Think

All this talk about thinking got me thinking about thinking. What is it that we think about? Once I started to think about it, apparently it seems that I think about lots of things.

This was many years ago – the company I was working for had, for whatever reason, decided to move its computer operations to a new data centre. I was part of a team invited to a tour of the new facilities.

As we were shown around the offices, I couldn’t help but notice that standing on every employee’s desk was a small folded card. The word – THINK – was printed in bold letters on both sides of the card. I was somewhat perplexed, so I asked what they were for. With some patronising overtones, I was enthusiastically told – like this was some super gift to mankind – that they were there to remind people to think. I got the feeling that I had just been given a peek inside the doors of the inner circle, and I should have felt honoured!

Perhaps these cards were a gimmicky desk-top version of the proverbial “Thinking Cap”. The thought crossed my mind that maybe they should also remind these same people to breathe since they were incapable of thinking by themselves. This company unashamedly flaunted the notion they only hire the very best, so I just wondered where they found so many non-thinkers.

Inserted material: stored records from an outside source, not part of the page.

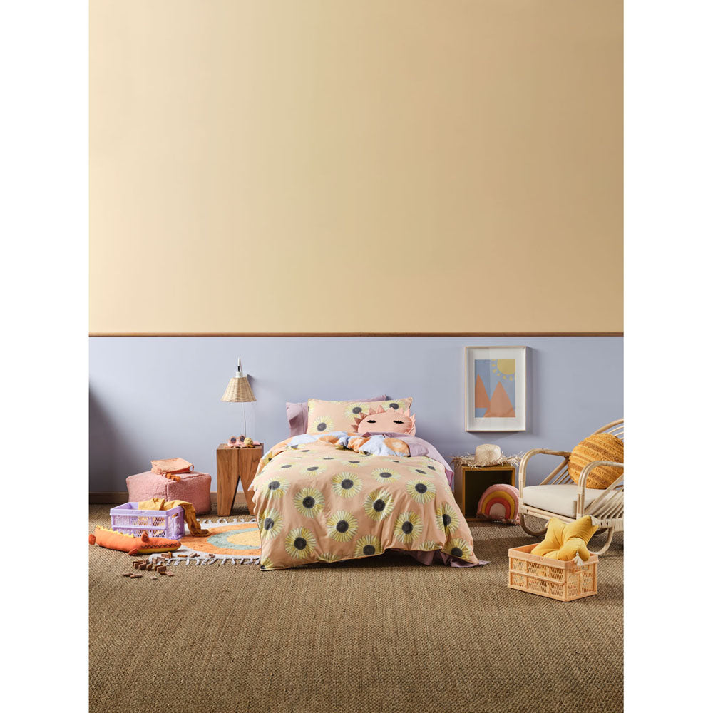 Linen House Kids Hello Sunshine Peach Double Bed Quilt Cover Set features hand-illustrated print on cotton percale. This will delight your little ray of sunshine. Trimmed with cord piping, this set is fully reversible for another colour mood. Finish this garden-themed aesthetic by pairing it with its coordinating sweet novelty cushions.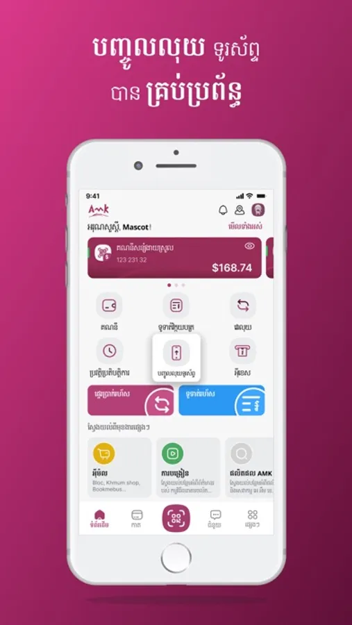 AMK Mobile Banking allows our customers to perform both financial and non-financial transactions. Example: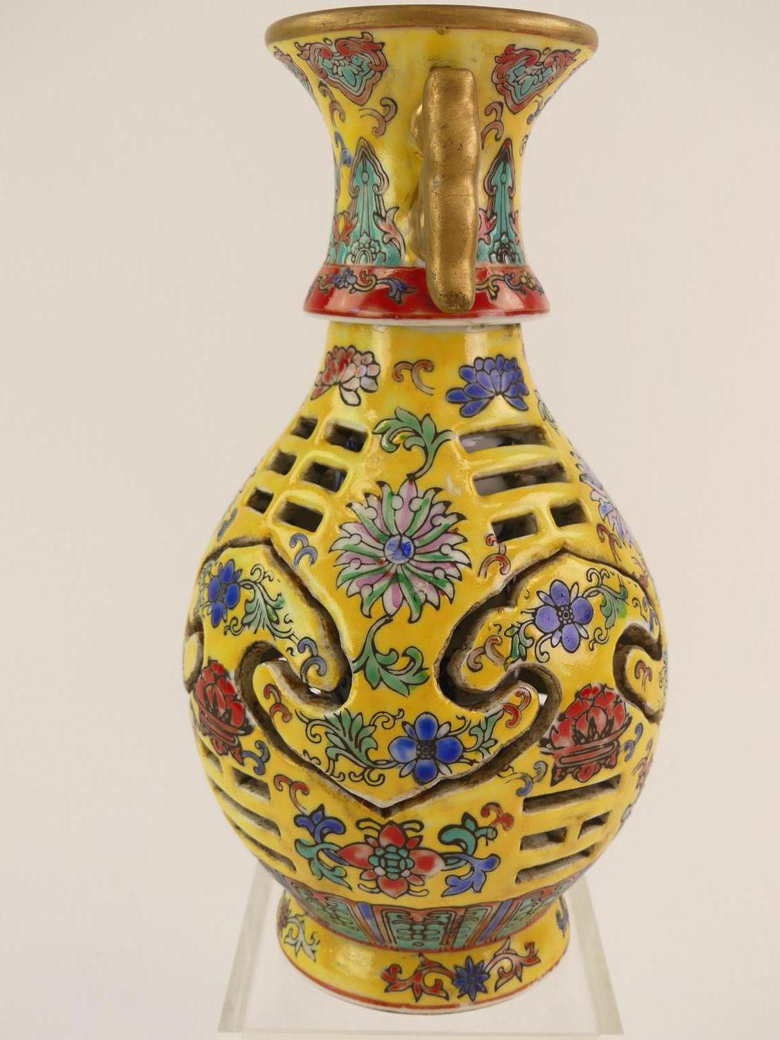 chinese openwork rotating famille rose vase, 19th century, ht 9 1/2"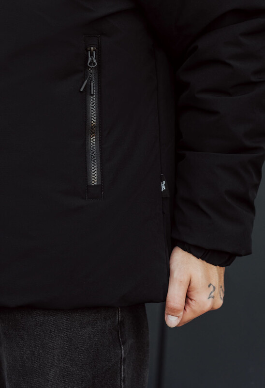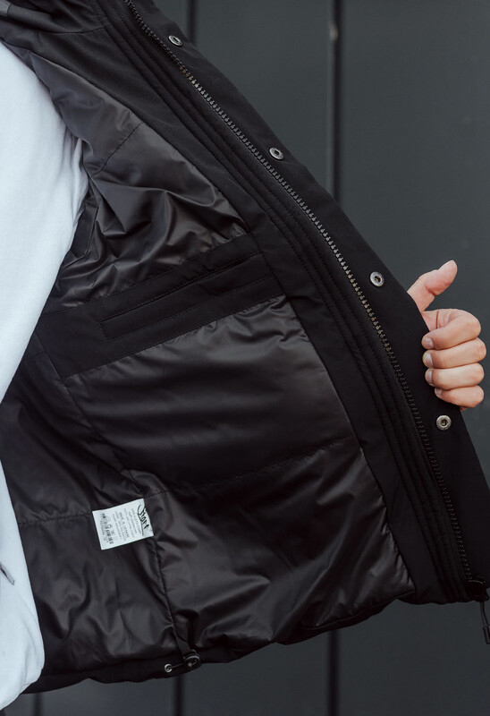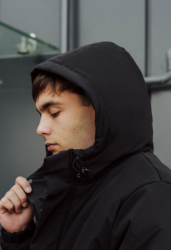 - висока горловина переходить у капюшон, об'єм якого допомагають регулювати шнури з пластиковими фіксаторами;

The French philosopher Rene Descartes once said, “I think, therefore I am.” So, since these sorry souls at this company needed to be reminded to think, I deduced that the cards were perhaps a humanitarian effort to prevent them from a life of non-existence.

Sometime after that experience, which incidentally was my only memory of that tour, I heard the expression, “Think outside the Box”.

Wow! Really?

Did that same company invent that little gem – an upgrade to Version 2, perhaps?

Not only do we have to prompt people to think so they can exist, but we also have to supply them with boxes to help them think. Perhaps the practice of thinking outside the box was a step towards weening them off their life-threatening dependence upon boxes.

That’s when I started to think about Schrodinger’s Cat! Would the cat inside the box be thinking about whether it was alive or dead? Or as Schrodinger pointed out, would anyone thinking outside the box know if the cat was either dead or alive, or even what it was thinking. It’s all too quantum.

Hercule Poirot, a character created by Agatha Christie, would frequently remind his associate, Captain Hastings, to use the ‘little grey cells’, referring to the brain. Perhaps it is time to throw away the prompts, the virtual caps, and all the silly boxes, and start using our little grey cells.

All this talk about thinking got me thinking about thinking. What is it that we think about? Once I started to think about it, apparently, it seems that I think about lots of things. Perhaps I’m just paranoid about the Descartes Effect – if I stop thinking, I might just fade away.

But let’s get serious for a moment. Here is what I often think about –

  1. What and Why. These are the analytical question.
  2.  When and Where. These are the investigative questions.
  3.  Who and How. These are the solution questions.